● **Work request**
Return only that part of the material below which starts with the line containing "October Yearling Sale, Book" and goes on through the line containing "La commanderie, située", restated exactly.

● **Information shown**
....................

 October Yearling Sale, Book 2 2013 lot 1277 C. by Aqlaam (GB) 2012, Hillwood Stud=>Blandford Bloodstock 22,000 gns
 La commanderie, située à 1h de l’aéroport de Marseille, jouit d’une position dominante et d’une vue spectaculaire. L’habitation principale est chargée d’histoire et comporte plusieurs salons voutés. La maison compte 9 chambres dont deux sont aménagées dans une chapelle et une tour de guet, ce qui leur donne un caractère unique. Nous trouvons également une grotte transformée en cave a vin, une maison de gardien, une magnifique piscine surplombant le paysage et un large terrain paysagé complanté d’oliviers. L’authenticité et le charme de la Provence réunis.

....................

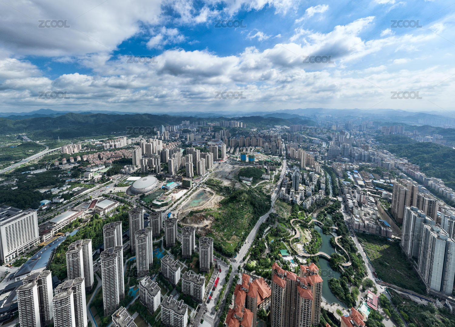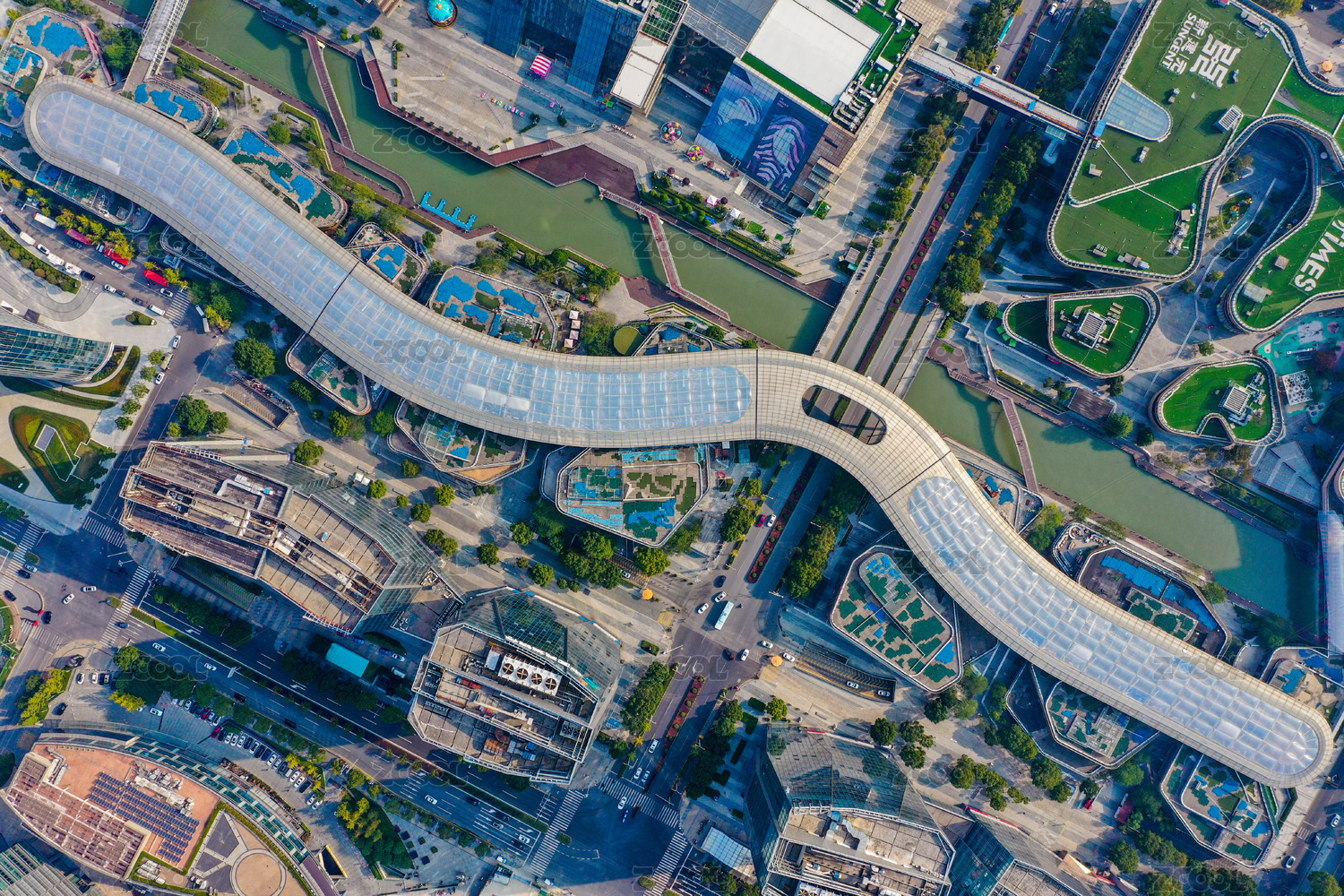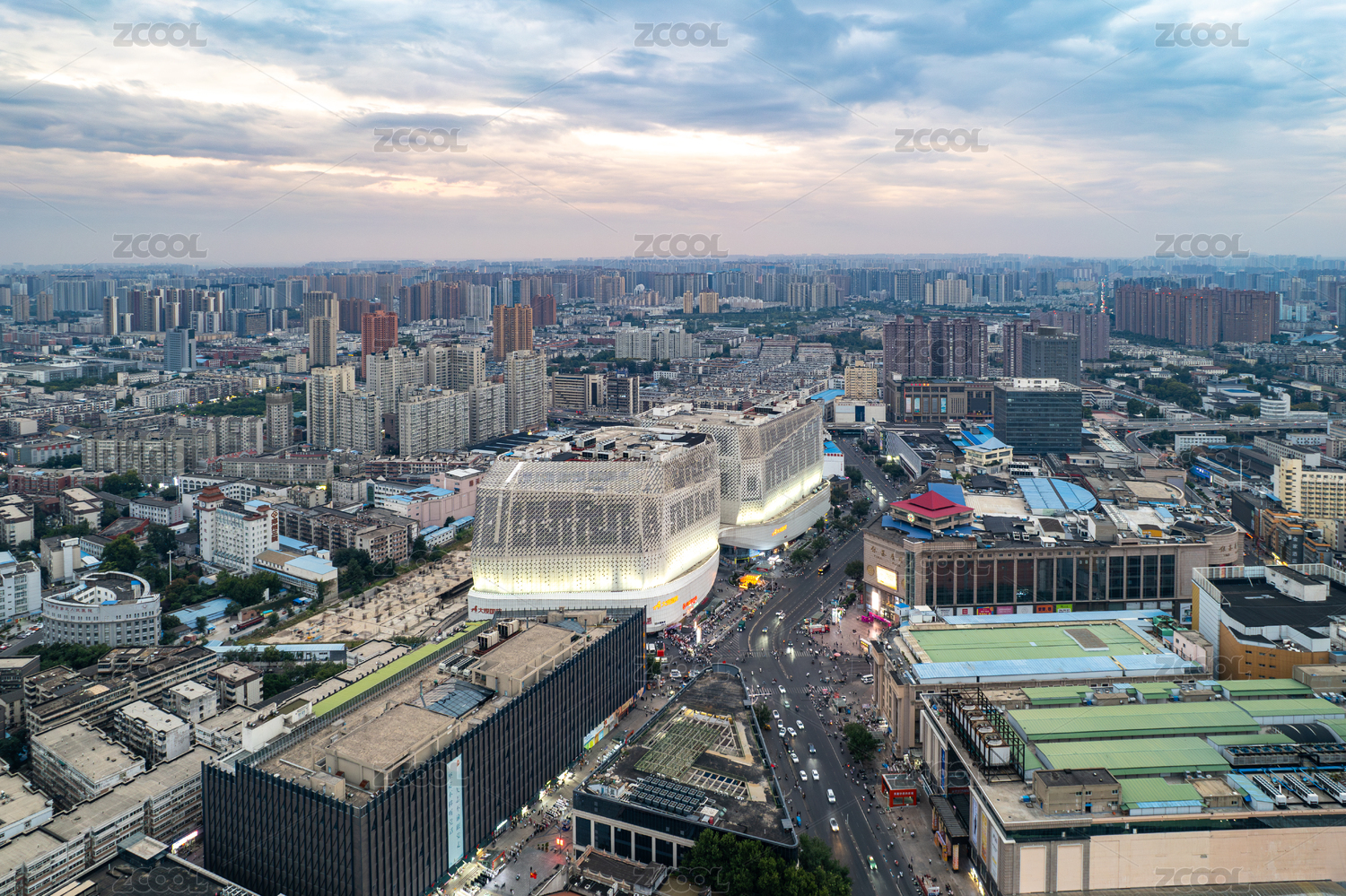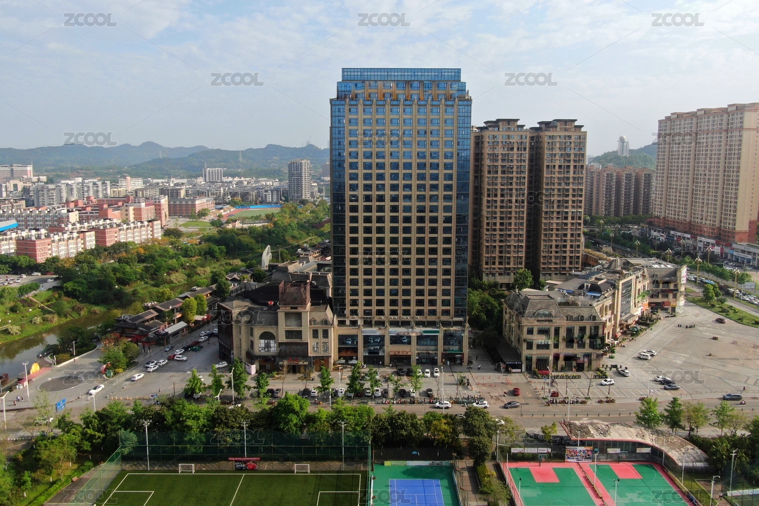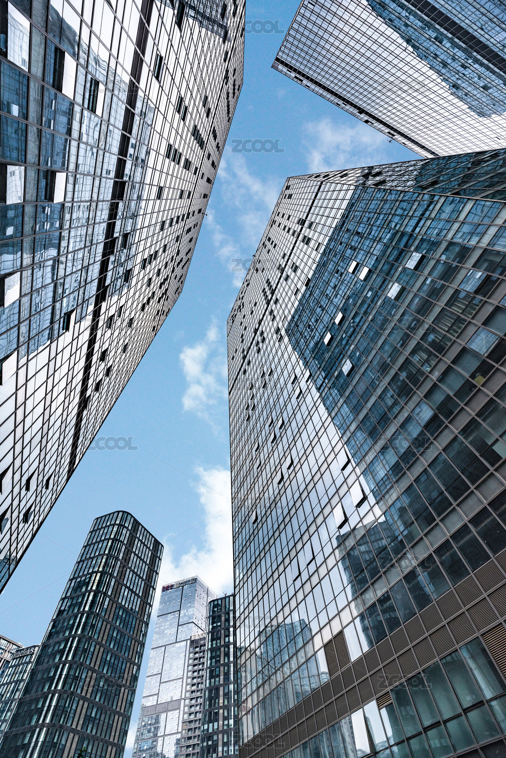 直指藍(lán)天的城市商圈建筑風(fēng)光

....................

● **Your solution**
 October Yearling Sale, Book 2 2013 lot 1277 C. by Aqlaam (GB) 2012, Hillwood Stud=>Blandford Bloodstock 22,000 gns
 La commanderie, située à 1h de l’aéroport de Marseille, jouit d’une position dominante et d’une vue spectaculaire. L’habitation principale est chargée d’histoire et comporte plusieurs salons voutés. La maison compte 9 chambres dont deux sont aménagées dans une chapelle et une tour de guet, ce qui leur donne un caractère unique. Nous trouvons également une grotte transformée en cave a vin, une maison de gardien, une magnifique piscine surplombant le paysage et un large terrain paysagé complanté d’oliviers. L’authenticité et le charme de la Provence réunis.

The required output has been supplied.